Non-Signature Based Approach: As attacks propagate across networks at breakneck speed, waiting for the production of a signature is out of the question, and suspicious traffic should be stopped immediately, within seconds. Accuracy is also essential; the data gathered from detection devices must be actionable without causing false positives or negatives. A signature-based approach is useless against a true zero-day attack, which occurs before the vulnerability it exploits is even known to patch/signature-writers.

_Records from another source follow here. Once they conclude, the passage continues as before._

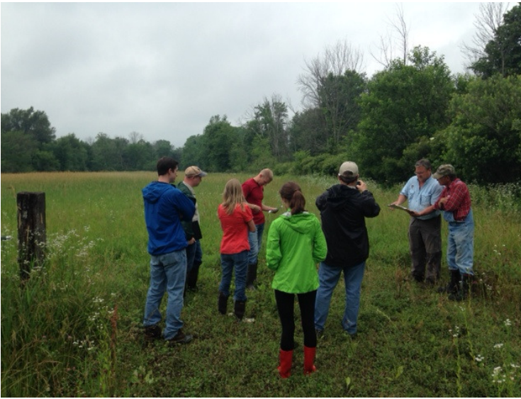
A farmer discussing a wetland restoration/floodplain reconnection and conservation easement on his property with project partners.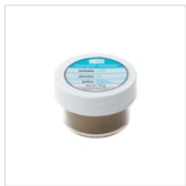
Gold Stampin' Emboss Powder 109129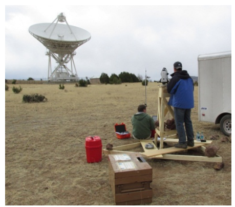
NOAA National Geodetic Survey employees take survey observations to a radio telescope operated by the National Radio Astronomy Observatory using a high precision tacheometer.

Whether it is the Nation's nautical charts, environmental monitoring or socioeconomic tools, NOS and its partners integrate science and services to provide actionable intelligence. Informed decision makers, both public and private, are able to make informed choices on their use and stewardship of coastal resources.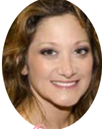
Dawn MacFlip Unit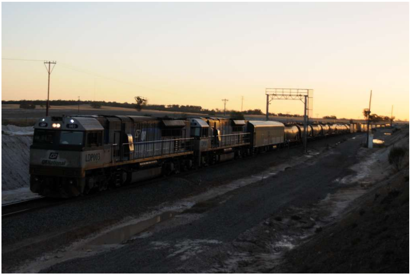
LDP003 & LDP001 runs 7PM1 intermodal with Cook tankers at Meenar February 4th.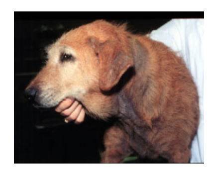
Note the "elephant skin" appearance that is especially common with Malassezia dermatitis. The more scientific term for this finding is "lichenification."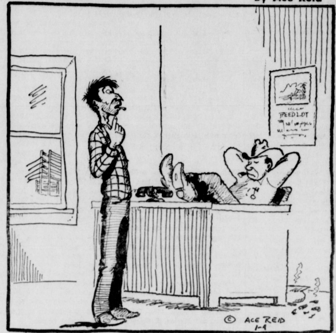
"Now, if I work for you for $200 a month for 5000 months, that's a million dollars. Are you sure you have that much money?"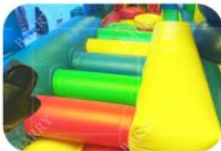
Barrier Pipe Connection Reinforcement

Multi-Factor Detection: A new generation of non-signature based technology monitors normal and abnormal application behavior on the network. While this technology improves detection of some attacks, it often results in false positives and negatives. An effective defense against next-generation malware should therefore never rely on a single detection methodology to determine if a traffic pattern constitutes an attack. Multiple engines that can take the “network pulse” from various vantage points are essential. The correlated data gleaned from these engines yields considerably more reliable and actionable information.

Flexible Response: Security devices must offer a number of response options, including the ability to stop traffic automatically, manually or an as-needed basis. Interacting with the network infrastructure to surgically disable the ports of infected devices is one such effective response. These options empower network administrators to immediately stop traffic without manual intervention, review a response posture and, if the network is identified as under attack, launch a pre-configured emergency response.

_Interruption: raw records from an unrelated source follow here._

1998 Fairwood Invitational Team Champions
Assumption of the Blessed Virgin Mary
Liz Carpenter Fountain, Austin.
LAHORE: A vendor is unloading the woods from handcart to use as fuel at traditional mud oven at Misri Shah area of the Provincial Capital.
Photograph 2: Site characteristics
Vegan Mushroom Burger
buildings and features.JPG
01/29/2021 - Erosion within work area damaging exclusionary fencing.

Ease of Deployment: The implementation of in-line solutions frequently raises scalability and redundancy issues. It may require major rewiring and routing changes to the network. A good alternative is to look for out-of-path technologies that can interact with the network infrastructure for active response capabilities. This eliminates many headaches associated with the need to reevaluate future throughput requirements, develop a redundancy plan for security devices, and re-architect the network.

The old security response paradigms held by companies must be updated to effectively address the new and extremely virulent attacks such as zero-day and targeted attacks, as well as worm storms. It is no longer sufficient to rely on signature-based technologies to address new security concerns nor plausible to assume that all attacks will come from outside the network. For a company to securely protect its network, it needs to deploy a multi-layered security approach and deploy best-of-breed internal network defense devices. These best practices, combined with a defense-in-depth security strategy, could at last shift the balance of power from worm authors to defenders.

About the Author:
Matt Miller is the Vice President of Engineering for CounterStorm, Inc., a New York City-based network security company. He can be reached at matt.miller@counterstorm.com.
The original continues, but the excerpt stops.